Because for women, circumcision means that someone will remove part or all of our clitoris. The clitoris is an organ – cutting it off isn’t like removing the foreskin, it’s like cutting off the whole head of the penis!
Some women also have their labia (the skin around the opening to their vagina) removed, or are completely sewn up.
All of these processes can have serious health risks for women. They can get infected, and sometimes can cause a woman to lose her ability to have children, or make sex painful for her, or even cause death.
If it’s so dangerous, why do people do it?
A lot of people think that it’s part of their culture. There are a lot of myths and misconceptions about it, too.
Some Reasons Why FGM Happens: • It is thought to control female promiscuity • Some people think it helps with childbirth (actually, circumcision will make childbirth more dangerous!) • For some cultures, an uncircumcised woman is not considered fit to be married.
Even though FGM is still practiced here, it’s becoming less common as more people realize how dangerous it really is.
Well, that’s good, but let’s talk about some of the other forms of gender discrimination and how to stand up against them.
Ngozi’s mother tells her that she will be going to Lagos to live with and work for her aunt, so that her salary can be used to send her younger brother to school.
What would you do, if you were Ngozi?
There are a lot of things I could do! I could: • Explain to my mother that I have a right to go to school too. • Ask my aunt in Lagos if I can go to school there. • Find a youth friendly center for help. • Ask for help from my church or mosque leader.
So you would ASSERT what you want, NEGOTIATE for a solution that benefits everyone, and FIND HELP when you need it?
Yeah I would! Do you remember SWAT?
S – Say no effectively. W – Why (give a reason for your decision) A – Suggest an Alternative (if you want) T – Talk it out (discuss your feelings) I can use any, or all of these steps to demand equal treatment for myself and my sisters, brothers, and friends.
Don’t forget, discrimination happens to everyone. While our society mostly discriminates against women, people still occasionally treat men badly because of their gender, too. And anyone can discriminate against you, even if they’re the same gender. Boys and girls need to work together to stop gender discrimination.
We’ve spent a lot of time talking about whether boys and girls are as different as we think. What do you think now?
I think that accepting stereotypes and discrimination based on gender can limit my dreams and goals.

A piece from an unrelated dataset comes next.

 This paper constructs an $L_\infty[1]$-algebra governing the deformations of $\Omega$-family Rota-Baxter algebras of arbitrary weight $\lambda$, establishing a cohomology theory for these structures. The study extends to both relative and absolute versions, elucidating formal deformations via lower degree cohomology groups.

There are many reasons why gender discrimination should be stopped!
Gender discrimination should be stopped because: • It is unfair – since both males and females are human, with feelings and abilities. • To make our relationships better and help us avoid unhealthy patterns. • To share an understanding and respect for both genders. • To promote peace, justice, and equality. • It is a fundamental human right. Both men and women are human, and share equal rights and responsibilities.
Can you think of some things boys and girls have in common?

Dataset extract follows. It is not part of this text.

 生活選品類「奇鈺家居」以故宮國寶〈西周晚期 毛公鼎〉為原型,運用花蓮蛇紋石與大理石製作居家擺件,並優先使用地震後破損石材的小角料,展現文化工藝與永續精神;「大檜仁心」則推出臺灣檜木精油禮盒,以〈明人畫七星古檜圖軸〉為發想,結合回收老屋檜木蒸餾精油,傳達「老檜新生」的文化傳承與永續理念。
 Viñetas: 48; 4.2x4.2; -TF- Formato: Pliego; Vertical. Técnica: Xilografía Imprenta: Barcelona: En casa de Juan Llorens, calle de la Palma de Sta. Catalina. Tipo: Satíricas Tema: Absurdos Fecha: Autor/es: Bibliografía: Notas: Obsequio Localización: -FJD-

- Both are human beings with feelings, emotions, needs and desires. - They share similar body parts: hands legs, eyes, nose, head, hair, and more. - They both need to eat and may like the same foods. - Males and females have similar abilities, although as individuals they can be unique. - Both receive messages from their families, schools, friends and society about how they should behave.

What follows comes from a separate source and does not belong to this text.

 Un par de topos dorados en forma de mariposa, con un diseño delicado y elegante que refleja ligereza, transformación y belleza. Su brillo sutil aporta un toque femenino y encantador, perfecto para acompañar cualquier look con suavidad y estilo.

- They both go through puberty and may develop romantic feelings for other people. - Both males and females may have a religion. - Both males and females can play all games. - They can both make friends of their own AND of the other gender.
I’ve learned a lot today.
Boy and girls, men and women have a lot in common. Many of the things we think are different about them are stereotypes we learn from our society, and not necessarily true. Stereotyping someone based on their gender can lead to discrimination, which makes life harder for everyone
We all need to work together to reach our goal of gender equality.